=== Exercise prompt ===
Of the lines in the material below, print only those from the one containing "GNRHS owns Great" to the one containing "Elevate your style", ends included, exactly as written and without pictures.
---------- Excerpted records ----------
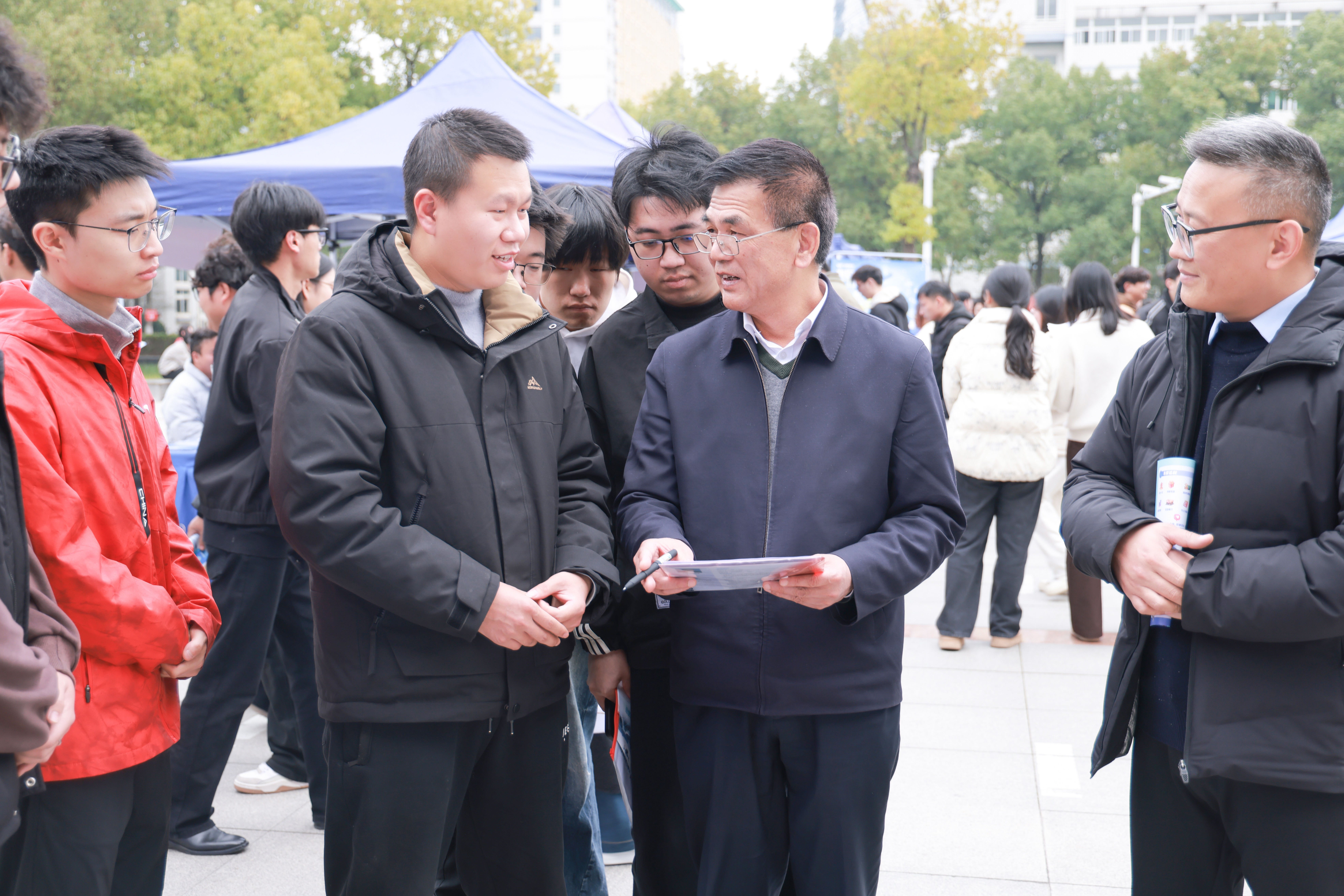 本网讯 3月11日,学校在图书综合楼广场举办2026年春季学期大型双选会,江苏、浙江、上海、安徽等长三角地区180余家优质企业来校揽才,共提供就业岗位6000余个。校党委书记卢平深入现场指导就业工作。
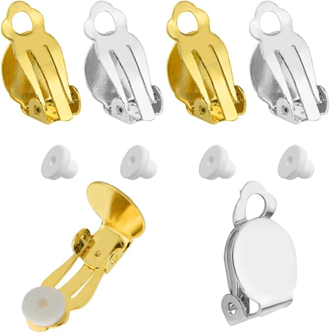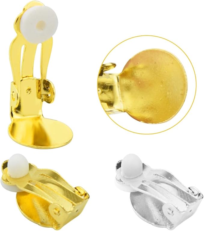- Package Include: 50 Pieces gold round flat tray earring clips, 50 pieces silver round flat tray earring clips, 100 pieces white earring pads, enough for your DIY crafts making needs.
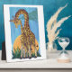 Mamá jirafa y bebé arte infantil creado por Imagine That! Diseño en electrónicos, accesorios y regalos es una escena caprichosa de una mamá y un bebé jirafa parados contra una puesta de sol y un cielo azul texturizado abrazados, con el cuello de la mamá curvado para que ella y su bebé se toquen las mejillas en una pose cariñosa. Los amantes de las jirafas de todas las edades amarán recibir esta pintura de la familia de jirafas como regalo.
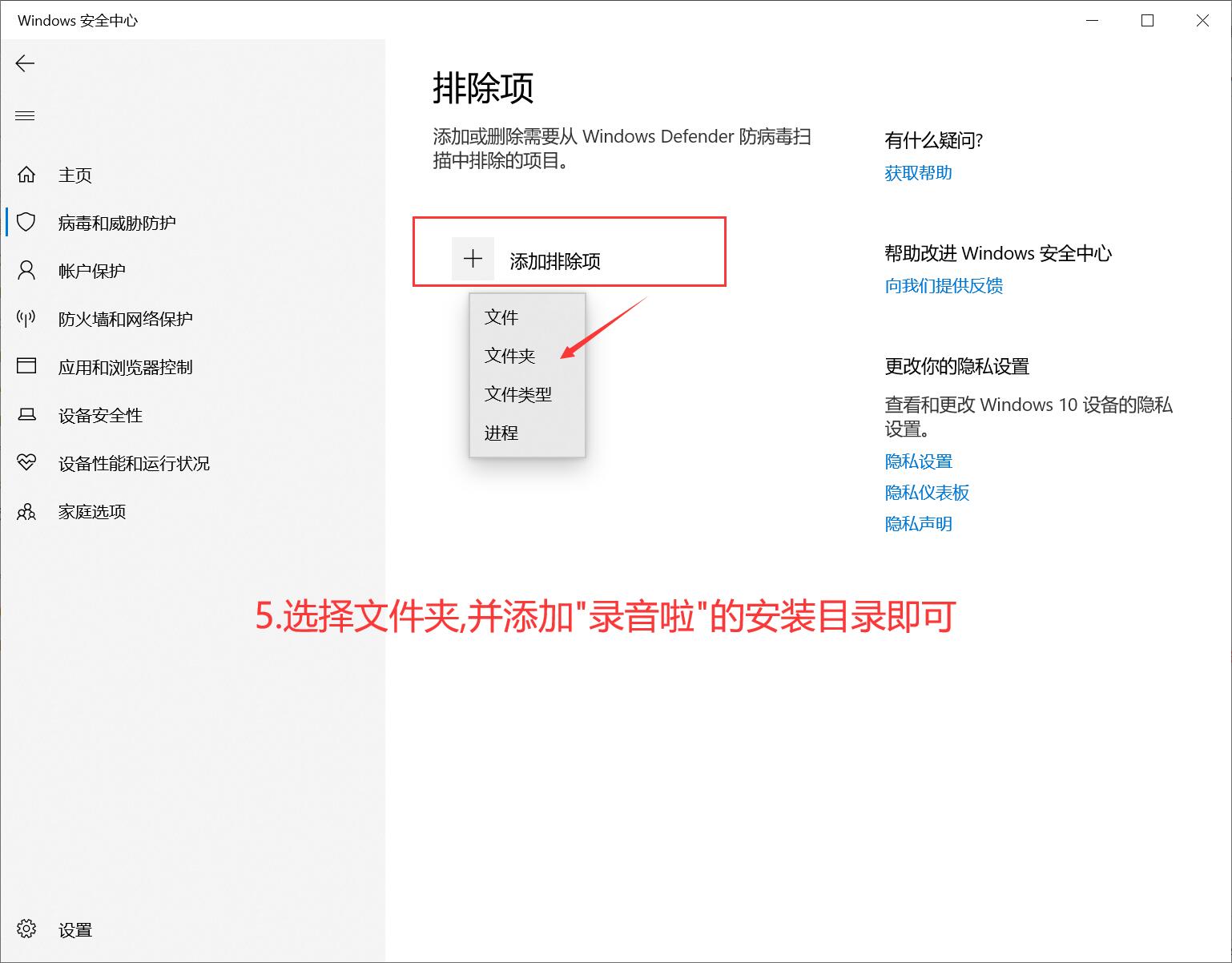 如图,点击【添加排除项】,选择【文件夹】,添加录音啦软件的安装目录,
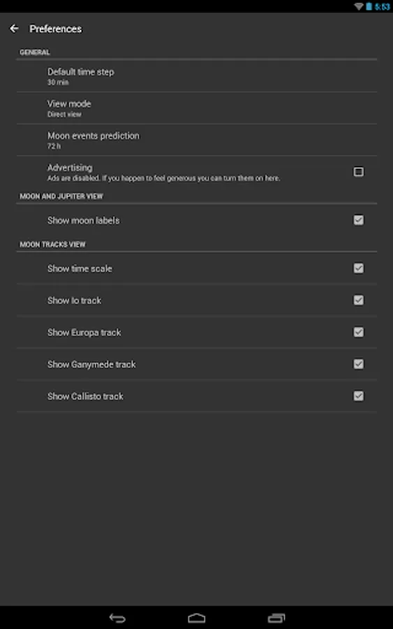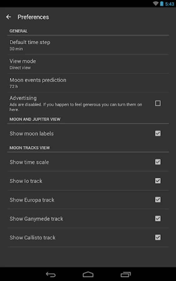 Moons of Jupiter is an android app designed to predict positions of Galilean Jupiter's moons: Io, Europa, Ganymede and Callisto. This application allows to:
----------
---------- Excerpted records ----------
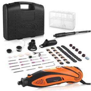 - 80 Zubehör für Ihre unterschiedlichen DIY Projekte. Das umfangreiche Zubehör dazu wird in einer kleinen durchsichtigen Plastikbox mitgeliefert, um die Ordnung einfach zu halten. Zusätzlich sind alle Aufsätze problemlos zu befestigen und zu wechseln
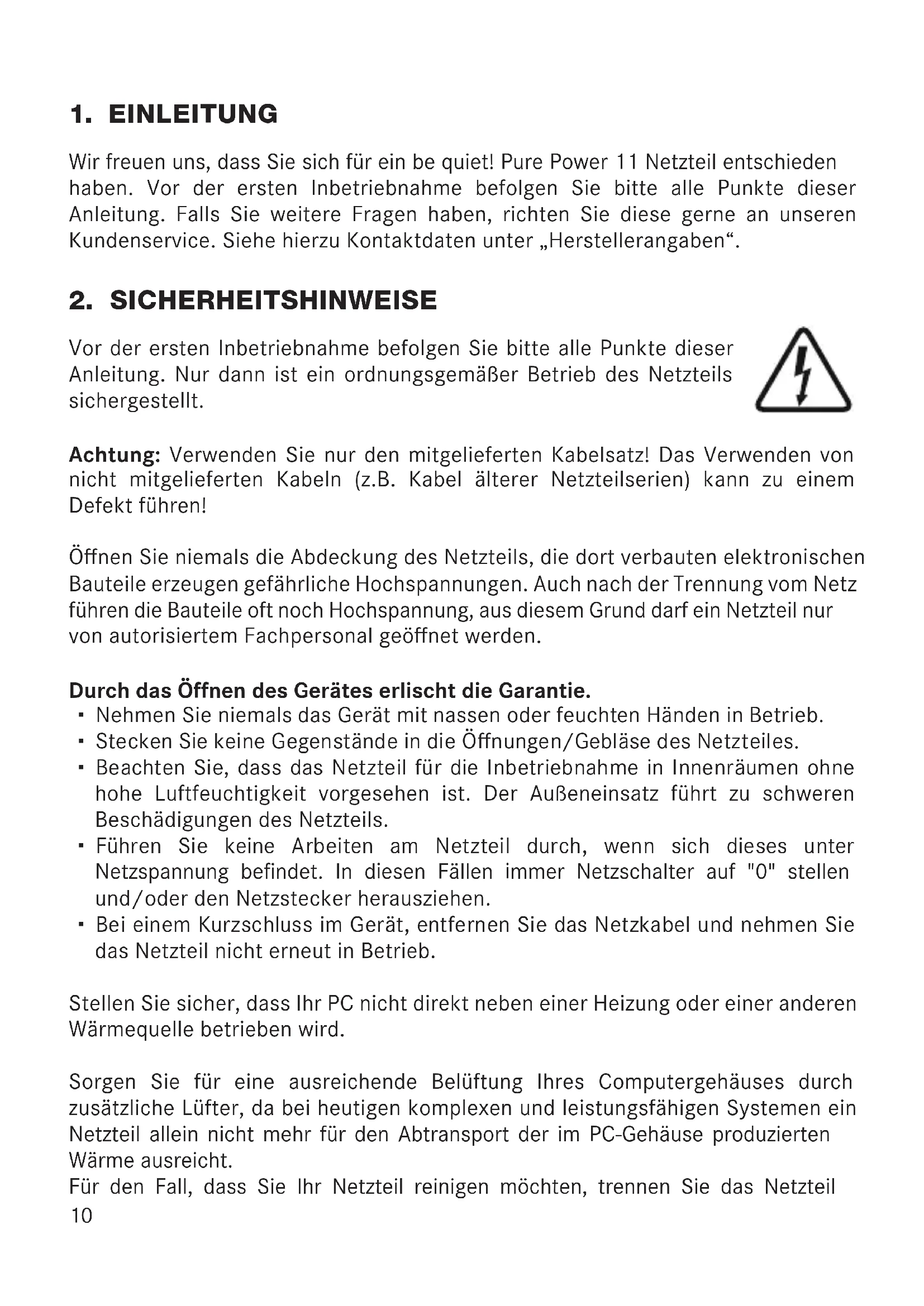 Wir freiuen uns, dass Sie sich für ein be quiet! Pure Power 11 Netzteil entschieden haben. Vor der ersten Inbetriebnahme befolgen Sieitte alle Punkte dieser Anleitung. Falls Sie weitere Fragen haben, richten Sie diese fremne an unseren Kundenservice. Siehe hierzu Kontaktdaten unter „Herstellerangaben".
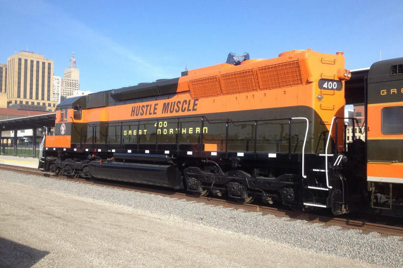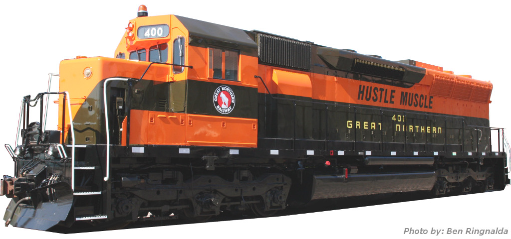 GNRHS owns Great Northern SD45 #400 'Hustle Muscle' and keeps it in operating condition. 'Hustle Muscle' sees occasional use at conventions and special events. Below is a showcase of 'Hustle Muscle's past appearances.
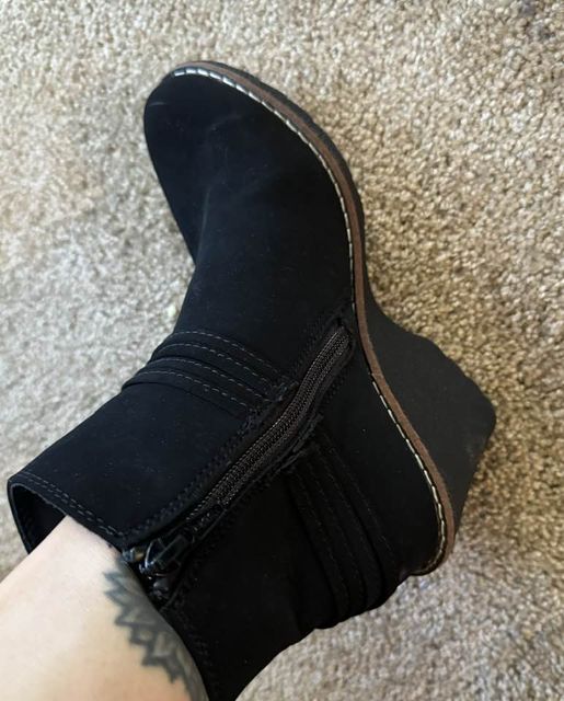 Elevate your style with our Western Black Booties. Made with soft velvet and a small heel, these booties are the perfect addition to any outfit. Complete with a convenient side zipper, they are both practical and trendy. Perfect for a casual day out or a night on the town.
----------
=== Result for this task ===
 GNRHS owns Great Northern SD45 #400 'Hustle Muscle' and keeps it in operating condition. 'Hustle Muscle' sees occasional use at conventions and special events. Below is a showcase of 'Hustle Muscle's past appearances.
 Elevate your style with our Western Black Booties. Made with soft velvet and a small heel, these booties are the perfect addition to any outfit. Complete with a convenient side zipper, they are both practical and trendy. Perfect for a casual day out or a night on the town.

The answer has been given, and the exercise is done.